→ Work item: Among the entries below, find the lines holding "přihrádky" and copy them.

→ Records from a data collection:

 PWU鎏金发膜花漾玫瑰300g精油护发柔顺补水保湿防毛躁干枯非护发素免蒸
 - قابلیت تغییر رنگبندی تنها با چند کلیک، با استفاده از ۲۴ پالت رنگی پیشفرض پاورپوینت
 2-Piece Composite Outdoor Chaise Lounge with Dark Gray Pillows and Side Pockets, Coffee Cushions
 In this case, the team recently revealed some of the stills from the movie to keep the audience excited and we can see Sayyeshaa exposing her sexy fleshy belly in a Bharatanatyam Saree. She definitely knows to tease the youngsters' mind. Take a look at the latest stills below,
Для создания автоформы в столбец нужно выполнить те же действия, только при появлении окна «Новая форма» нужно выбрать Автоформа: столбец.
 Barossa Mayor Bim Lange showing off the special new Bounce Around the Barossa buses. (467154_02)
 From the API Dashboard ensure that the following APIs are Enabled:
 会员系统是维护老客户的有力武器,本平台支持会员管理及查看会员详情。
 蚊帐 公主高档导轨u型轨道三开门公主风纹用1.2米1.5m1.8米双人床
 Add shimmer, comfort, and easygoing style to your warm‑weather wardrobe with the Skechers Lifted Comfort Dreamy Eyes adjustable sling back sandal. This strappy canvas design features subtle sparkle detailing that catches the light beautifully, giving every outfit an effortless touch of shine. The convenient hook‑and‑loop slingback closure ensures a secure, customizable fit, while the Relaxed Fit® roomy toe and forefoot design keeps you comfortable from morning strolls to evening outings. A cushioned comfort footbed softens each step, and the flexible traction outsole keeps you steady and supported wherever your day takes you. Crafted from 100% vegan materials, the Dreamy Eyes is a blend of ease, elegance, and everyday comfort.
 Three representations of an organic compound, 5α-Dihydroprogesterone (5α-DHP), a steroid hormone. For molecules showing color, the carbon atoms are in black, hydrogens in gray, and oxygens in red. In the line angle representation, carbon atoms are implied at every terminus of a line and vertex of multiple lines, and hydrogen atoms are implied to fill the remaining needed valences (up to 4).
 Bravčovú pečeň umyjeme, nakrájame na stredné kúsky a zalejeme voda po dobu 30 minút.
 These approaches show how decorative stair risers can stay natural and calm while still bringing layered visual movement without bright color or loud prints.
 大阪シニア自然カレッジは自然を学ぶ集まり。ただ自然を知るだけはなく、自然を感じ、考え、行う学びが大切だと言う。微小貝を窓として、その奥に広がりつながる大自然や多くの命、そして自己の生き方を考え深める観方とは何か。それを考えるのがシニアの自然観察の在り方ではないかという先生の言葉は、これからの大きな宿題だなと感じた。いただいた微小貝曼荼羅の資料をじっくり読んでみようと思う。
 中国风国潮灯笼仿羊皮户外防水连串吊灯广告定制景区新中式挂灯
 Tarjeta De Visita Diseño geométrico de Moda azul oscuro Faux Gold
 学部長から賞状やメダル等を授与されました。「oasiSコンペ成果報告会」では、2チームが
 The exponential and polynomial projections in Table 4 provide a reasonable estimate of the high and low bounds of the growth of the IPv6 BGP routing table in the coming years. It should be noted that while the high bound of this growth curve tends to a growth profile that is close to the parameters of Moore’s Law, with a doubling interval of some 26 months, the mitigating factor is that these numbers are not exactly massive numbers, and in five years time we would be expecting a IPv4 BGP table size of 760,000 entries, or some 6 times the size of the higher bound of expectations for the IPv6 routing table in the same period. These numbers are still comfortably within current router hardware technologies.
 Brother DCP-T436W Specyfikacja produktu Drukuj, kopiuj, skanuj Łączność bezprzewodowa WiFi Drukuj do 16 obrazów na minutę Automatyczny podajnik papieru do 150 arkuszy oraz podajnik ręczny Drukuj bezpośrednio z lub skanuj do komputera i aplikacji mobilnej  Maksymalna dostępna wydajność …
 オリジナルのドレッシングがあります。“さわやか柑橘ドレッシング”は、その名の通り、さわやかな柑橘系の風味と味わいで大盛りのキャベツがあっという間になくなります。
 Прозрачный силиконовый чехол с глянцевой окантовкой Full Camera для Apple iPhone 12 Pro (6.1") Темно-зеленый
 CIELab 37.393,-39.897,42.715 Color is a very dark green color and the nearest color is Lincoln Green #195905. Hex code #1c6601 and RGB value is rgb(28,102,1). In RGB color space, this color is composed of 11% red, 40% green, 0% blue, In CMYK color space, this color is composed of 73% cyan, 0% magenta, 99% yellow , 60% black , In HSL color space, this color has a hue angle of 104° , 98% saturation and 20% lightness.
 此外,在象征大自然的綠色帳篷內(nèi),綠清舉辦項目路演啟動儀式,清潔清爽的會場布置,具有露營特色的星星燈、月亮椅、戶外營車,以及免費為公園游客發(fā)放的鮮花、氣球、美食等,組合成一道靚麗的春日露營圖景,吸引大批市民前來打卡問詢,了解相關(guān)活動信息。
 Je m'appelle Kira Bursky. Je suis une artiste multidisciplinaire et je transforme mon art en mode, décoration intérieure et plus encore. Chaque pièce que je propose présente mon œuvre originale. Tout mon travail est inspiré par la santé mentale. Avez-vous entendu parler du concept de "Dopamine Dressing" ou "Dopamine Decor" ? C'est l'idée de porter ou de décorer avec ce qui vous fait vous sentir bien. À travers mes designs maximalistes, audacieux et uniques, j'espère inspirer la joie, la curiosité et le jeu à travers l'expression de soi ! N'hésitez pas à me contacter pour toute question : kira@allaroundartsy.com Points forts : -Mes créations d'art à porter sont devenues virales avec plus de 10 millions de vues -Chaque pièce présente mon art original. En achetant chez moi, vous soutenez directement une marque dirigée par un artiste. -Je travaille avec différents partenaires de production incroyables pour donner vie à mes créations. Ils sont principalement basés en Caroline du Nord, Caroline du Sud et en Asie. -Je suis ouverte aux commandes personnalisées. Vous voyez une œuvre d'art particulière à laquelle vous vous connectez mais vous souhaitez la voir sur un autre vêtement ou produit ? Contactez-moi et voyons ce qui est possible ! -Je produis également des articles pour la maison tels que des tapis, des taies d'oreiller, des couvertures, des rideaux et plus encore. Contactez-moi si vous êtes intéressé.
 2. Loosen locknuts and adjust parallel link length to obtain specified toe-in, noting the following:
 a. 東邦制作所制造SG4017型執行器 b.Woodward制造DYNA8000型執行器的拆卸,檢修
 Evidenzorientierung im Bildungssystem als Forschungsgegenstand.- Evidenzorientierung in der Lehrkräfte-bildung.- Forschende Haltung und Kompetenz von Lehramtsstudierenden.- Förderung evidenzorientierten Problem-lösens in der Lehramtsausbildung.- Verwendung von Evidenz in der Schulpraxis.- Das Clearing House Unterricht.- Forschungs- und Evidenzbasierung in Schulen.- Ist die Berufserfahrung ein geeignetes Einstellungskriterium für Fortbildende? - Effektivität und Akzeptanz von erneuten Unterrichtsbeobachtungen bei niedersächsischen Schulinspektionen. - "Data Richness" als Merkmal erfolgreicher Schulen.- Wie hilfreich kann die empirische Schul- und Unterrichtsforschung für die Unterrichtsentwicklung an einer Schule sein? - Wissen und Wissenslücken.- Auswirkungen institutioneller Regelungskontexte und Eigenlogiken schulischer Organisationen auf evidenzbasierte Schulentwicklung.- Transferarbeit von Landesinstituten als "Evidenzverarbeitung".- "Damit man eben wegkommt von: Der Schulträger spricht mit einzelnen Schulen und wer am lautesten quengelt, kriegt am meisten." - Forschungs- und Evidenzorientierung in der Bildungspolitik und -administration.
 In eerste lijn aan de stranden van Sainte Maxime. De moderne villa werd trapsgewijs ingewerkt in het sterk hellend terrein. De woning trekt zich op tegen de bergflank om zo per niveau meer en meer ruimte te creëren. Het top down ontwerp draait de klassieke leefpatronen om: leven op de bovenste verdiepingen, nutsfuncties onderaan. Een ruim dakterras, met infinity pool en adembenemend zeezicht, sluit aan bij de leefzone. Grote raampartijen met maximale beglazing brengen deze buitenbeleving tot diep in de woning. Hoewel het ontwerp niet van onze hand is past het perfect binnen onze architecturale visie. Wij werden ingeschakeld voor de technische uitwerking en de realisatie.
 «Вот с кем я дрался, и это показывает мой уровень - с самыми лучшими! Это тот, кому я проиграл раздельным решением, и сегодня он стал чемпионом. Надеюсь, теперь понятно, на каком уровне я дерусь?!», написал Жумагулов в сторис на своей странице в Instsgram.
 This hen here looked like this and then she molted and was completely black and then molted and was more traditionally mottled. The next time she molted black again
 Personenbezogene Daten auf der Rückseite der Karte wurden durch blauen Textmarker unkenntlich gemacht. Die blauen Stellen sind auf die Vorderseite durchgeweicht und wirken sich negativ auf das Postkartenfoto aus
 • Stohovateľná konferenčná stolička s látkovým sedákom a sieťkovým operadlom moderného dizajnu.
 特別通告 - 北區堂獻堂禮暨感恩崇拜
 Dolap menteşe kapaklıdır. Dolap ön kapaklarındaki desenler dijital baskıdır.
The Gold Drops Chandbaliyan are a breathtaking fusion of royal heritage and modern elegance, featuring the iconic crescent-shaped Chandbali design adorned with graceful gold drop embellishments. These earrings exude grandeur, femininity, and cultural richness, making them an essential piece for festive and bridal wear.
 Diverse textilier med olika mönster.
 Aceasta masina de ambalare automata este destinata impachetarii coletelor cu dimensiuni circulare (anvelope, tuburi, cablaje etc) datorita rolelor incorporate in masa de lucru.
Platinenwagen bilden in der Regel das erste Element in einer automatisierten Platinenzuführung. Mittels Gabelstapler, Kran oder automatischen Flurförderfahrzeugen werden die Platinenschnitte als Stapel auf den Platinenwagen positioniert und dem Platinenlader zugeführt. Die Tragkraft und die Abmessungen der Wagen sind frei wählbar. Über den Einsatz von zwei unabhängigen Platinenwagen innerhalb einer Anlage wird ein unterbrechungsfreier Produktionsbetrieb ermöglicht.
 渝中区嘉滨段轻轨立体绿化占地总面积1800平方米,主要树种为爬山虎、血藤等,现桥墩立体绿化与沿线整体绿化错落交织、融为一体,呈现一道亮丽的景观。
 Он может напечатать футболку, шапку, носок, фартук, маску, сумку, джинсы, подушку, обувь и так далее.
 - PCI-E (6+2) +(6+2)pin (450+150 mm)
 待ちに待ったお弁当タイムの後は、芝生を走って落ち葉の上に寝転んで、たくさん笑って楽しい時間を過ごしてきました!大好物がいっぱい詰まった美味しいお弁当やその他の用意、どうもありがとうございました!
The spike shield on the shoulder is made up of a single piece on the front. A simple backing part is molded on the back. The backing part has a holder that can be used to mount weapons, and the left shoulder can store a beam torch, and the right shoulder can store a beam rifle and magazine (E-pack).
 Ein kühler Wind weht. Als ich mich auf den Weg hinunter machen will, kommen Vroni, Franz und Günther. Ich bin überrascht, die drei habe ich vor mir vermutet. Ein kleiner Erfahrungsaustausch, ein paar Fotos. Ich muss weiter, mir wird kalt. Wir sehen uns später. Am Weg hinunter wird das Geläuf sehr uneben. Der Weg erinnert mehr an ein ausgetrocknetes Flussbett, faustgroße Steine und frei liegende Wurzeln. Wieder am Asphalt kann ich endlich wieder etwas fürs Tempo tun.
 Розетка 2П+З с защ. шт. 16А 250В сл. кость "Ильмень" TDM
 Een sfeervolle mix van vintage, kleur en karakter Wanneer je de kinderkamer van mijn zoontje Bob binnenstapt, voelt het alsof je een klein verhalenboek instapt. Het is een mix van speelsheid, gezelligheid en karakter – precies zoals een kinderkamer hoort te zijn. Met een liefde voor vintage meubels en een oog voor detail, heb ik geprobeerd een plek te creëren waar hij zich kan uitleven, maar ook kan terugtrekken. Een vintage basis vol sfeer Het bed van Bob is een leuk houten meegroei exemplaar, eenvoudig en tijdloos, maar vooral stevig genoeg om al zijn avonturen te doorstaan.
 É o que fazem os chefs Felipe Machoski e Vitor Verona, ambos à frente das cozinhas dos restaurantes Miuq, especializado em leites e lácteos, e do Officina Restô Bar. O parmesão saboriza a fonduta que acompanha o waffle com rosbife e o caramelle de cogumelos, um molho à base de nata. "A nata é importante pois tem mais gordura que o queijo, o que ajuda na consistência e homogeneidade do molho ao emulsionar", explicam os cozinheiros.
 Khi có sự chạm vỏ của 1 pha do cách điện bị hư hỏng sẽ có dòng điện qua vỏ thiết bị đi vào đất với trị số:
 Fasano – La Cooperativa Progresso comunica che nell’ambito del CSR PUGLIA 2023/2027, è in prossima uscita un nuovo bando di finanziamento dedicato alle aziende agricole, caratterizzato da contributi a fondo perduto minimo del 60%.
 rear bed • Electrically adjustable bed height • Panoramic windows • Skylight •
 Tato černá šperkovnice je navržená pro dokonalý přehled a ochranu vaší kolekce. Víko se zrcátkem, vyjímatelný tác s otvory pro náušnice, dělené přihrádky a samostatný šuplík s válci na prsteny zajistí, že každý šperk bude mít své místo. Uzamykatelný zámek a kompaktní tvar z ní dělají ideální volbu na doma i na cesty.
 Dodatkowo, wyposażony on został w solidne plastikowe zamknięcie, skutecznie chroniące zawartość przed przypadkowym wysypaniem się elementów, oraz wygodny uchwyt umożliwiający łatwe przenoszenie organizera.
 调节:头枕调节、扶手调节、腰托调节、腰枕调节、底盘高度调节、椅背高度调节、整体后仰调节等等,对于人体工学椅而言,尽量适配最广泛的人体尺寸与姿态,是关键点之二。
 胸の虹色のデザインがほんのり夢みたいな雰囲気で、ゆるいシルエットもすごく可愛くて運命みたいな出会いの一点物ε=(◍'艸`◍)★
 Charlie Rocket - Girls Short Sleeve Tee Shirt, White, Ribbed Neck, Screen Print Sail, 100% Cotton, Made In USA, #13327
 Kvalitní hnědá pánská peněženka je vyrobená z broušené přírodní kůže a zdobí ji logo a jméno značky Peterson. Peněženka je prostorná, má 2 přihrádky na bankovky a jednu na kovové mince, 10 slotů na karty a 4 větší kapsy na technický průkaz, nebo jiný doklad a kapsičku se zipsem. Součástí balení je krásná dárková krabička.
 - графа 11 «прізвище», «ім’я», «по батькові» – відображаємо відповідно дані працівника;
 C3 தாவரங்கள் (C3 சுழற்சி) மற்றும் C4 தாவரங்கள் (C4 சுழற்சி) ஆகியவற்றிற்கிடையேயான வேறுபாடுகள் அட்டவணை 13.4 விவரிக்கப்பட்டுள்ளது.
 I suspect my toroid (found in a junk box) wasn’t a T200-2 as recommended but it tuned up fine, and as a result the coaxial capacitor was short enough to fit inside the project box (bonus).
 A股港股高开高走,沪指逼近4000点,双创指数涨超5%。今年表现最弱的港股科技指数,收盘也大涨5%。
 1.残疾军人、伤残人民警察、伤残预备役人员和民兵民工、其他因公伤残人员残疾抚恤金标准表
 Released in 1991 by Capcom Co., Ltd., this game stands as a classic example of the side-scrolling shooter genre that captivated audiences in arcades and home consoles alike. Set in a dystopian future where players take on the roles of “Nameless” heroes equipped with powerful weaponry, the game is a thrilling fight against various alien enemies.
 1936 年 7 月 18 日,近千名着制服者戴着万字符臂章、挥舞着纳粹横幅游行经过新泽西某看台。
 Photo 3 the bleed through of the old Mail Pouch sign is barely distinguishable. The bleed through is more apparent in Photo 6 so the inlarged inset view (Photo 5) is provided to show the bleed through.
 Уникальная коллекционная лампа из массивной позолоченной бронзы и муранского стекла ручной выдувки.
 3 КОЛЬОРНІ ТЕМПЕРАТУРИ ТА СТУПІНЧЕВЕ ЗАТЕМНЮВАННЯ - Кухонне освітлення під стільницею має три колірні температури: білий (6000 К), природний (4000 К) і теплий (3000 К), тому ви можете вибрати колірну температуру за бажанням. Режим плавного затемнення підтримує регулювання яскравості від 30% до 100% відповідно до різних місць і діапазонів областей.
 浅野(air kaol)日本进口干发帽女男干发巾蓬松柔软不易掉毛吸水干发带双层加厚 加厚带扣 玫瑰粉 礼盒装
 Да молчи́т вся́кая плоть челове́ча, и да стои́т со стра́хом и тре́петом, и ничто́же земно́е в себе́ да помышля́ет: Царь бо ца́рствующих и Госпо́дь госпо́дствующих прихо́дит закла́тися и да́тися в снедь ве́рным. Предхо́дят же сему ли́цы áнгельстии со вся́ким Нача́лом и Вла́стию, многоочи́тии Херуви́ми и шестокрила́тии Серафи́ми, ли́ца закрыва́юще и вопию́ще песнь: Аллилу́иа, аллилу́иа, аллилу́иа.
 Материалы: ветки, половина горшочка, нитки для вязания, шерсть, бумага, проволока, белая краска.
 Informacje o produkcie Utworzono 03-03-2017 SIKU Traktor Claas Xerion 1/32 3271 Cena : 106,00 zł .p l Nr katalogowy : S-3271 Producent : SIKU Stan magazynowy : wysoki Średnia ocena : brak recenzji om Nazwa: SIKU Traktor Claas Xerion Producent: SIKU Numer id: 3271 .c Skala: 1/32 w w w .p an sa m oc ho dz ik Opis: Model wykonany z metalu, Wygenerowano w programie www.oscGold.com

→ Result of this exercise:
 Tato černá šperkovnice je navržená pro dokonalý přehled a ochranu vaší kolekce. Víko se zrcátkem, vyjímatelný tác s otvory pro náušnice, dělené přihrádky a samostatný šuplík s válci na prsteny zajistí, že každý šperk bude mít své místo. Uzamykatelný zámek a kompaktní tvar z ní dělají ideální volbu na doma i na cesty.
 Kvalitní hnědá pánská peněženka je vyrobená z broušené přírodní kůže a zdobí ji logo a jméno značky Peterson. Peněženka je prostorná, má 2 přihrádky na bankovky a jednu na kovové mince, 10 slotů na karty a 4 větší kapsy na technický průkaz, nebo jiný doklad a kapsičku se zipsem. Součástí balení je krásná dárková krabička.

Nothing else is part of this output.